Wall of Voodoo at Vancouver’s Luv-A-Fair in 1983 remains one of the greatest live shows I’ve ever seen. I walked in knowing maybe two of their songs (including the Johnny Cash cover) and walked out a convert. But then lead guy Stan Ridgway quit, and though both he and the band would continue to release stuff, none of it would ever touch the electricity of what they had together. At least I still had the records, except they weren’t as good as the live item, with Call of the West a case in point. Whereas live it was an epic sort of west coast surf rawk film noir (with an Ennio Morricone edge), on record it was merely very good.

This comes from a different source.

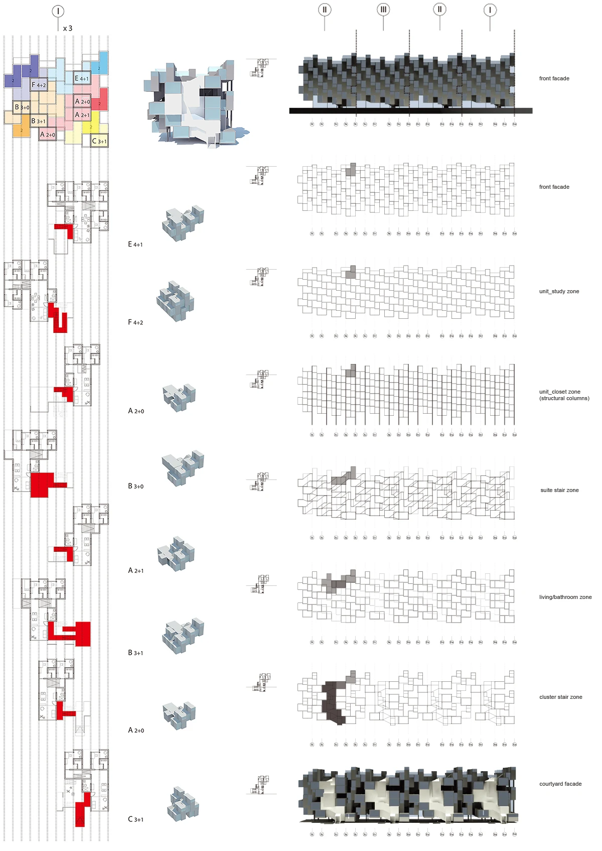 Unit围绕竖向的结构体错位咬合,每2到4个Unit通过不同的组织形态组成一个Suite,经过多次模型试验,我们得出7种不同的组织形态,使每一个Suite都具备独特的属性和丰富的空间。居住在一个Suite里的学生共享一个公共厨房、卫生间和休闲室,既能参与公共活动,保持与同伴的交流,又可以拥有只属于自己的私密空间,不被外界打扰。

Oh well.” (Philip Random)

WallofVoodoo-1983

998. blue water

“As the story goes, when Keith Levene split Public Image Ltd, he had a few recent master recordings under his arm. Which is a good thing. Else we probably would never have heard the likes of Blue Water, which first showed up as a b-side in 1983. Deep and weird and exactly the kind of thing you wanted cranked to the nines on your ghetto blaster when the drugs were all kicking in and you had an abandoned industrial zone to explore, with a fog moving in from the harbour and twilight looming.” (Philip Random)

PIL-live

1029. good technology

The red part of the Red Guitars‘ moniker concerns more than just the colour of their stringed weapons. These guys were serious about their left-side politics which likely explains their overall lack of market penetration back in the 80s. You certainly can’t fault a song like Good Technology for lacking hooks, melody, overall sarcastic pop smarts.

1097. the last film

Somewhere, there’s an alt-universe where Kissing The Pink stomped the world with their pop smart New Romantic stylings and insights. As is, they came, they had one minor hit in Britain (the song in question here), they failed to conquer. The upside being, we never got sick of them.

1109. talking to a stranger

“Hunters + Collectors being band named after a song by Can but, truth be told, that connection did more to twig me to the enduring riches of Can than the other way around. Which isn’t to cast aspersions at Hunters + Collectors, particularly their first album, which managed to sound simultaneously Euro-cool and deeply, mysteriously, uniquely Australian – all those vast open spaces and way too many weird animals that can kill you.” (Philip Random)

(image source)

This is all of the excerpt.